JAKARTA - Menteri Koordinator Bidang Pembangunan Manusia dan Kebudayaan (Menko PMK) Muhadjir Effendy membeberkan angka kemiskinan dan kemiskinan ekstrim di Indonesia periode 2022-2023. Seluruhnya belum mencapai target yang telah ditetapkan.

Pemaparan itu disampaikan Muhadjir ketika menjadi menteri pertama yang bersaksi dalam persidangan Perselisihan Hasil Pemilihan Umum (PHPU) di Mahkamah Konstitusi (MK), Jumat, 5 April.

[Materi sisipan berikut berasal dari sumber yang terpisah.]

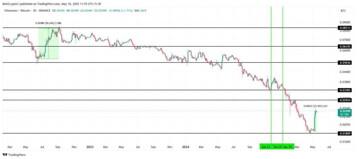 Пара ETH/BTC выросла на 34% за неделю — ждать ли сезона альткоинов

"Berdasarkan hasil survei sosial ekonomi atau Susenas Maret 2023 yang dilakukan oleh Badan Pusat Statistik atau BPS, angka kemiskinan nasional mencapai 9,36 persen, sementara target RPJMN tahun 2020-2024 ditetapkan sebesar 6,5 sampai dengan 7,5 persen," ujar Muhadjir.

Untuk memenuhi target, pemerintah mesti mengeluarkan kebijakan atau program khusus di kementerian, lembaga, dan pemerintah daerah.

Sementara untuk kemiskinan ekstrim masih berada di angka 1,12 persen pada Maret 2023. Angka itu menurun bila dibandingkan Maret 2022 yang mencapai angka 2,04 persen.

Meski sudah ada penurunan, penanganan kemiskinan ekstrim masih belum memenuhi target yang diberikan Presiden Joko Widodo (Jokowi).

"Kita harus terus mengupayakan agar target nol persen berdasarkan inpres nomor 4 tahun 2022 dapat terwujud pada tahun 2024," kata Muhadjir.

Dikatakan, perhitungan angka kemiskinan di Indonesia menggunakan pendekatan pengeluaran. Dengan metode itu didapat garis kemiskinan secara nasional sekitar Rp 554.458 per kapita per bulan.

"Dengan komposisi garis kemiskinan makanan 408.522 atau 74,21 persen dan garis kemiskinan bukan makanan sebesar 141.936 atau 25,79 persen," kata Muhadjir.